======== Dataset section ========

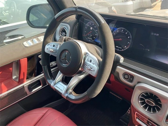 21款奔驰G63内饰方面,奔驰的设计绝对可以用惊艳来形容,无论是经典车型还是超豪华车型甚至是入门级的豪华车上,奔驰的内饰都会让你眼前一亮,当然了这也是奔驰的一个特色。所以这部全新的G63在内饰的表现上也是情理之中的,但是细节上还是有些小小的意外。这种感觉是打开车门的瞬间就能够感受到的。首先仪表和中控屏依旧是采用了同一款液晶屏显示,第一感觉就是科技感爆表。而其他方面例如方向盘,空调出风口,挡杆等等的设计充满设计感。
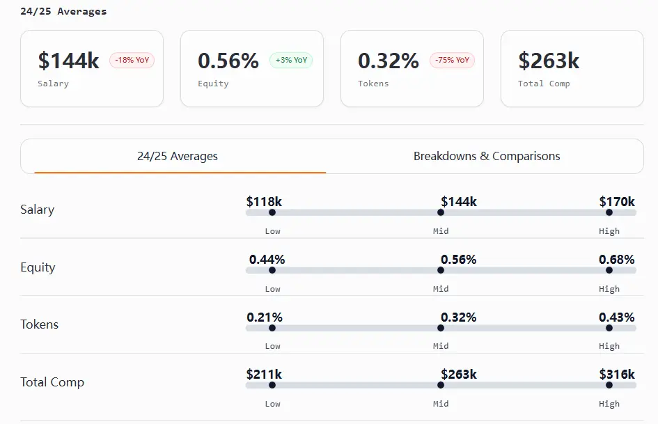 總體而言,2024 年和 2025 年初的加密行業薪酬處於下行市場,與傳統行業相比,其薪酬體係仍相對不成熟。
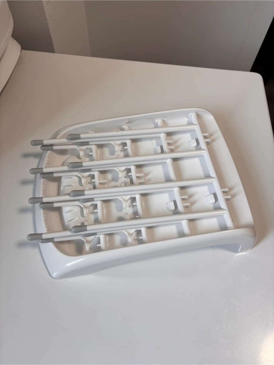 White and gray baby bottle drying rack. It's designed to hold multiple bottles and accessories. The tray collects excess water.

========

What to produce
Give the listing again exactly, excluding pictures.

Reply
 21款奔驰G63内饰方面,奔驰的设计绝对可以用惊艳来形容,无论是经典车型还是超豪华车型甚至是入门级的豪华车上,奔驰的内饰都会让你眼前一亮,当然了这也是奔驰的一个特色。所以这部全新的G63在内饰的表现上也是情理之中的,但是细节上还是有些小小的意外。这种感觉是打开车门的瞬间就能够感受到的。首先仪表和中控屏依旧是采用了同一款液晶屏显示,第一感觉就是科技感爆表。而其他方面例如方向盘,空调出风口,挡杆等等的设计充满设计感。
 總體而言,2024 年和 2025 年初的加密行業薪酬處於下行市場,與傳統行業相比,其薪酬體係仍相對不成熟。
 White and gray baby bottle drying rack. It's designed to hold multiple bottles and accessories. The tray collects excess water.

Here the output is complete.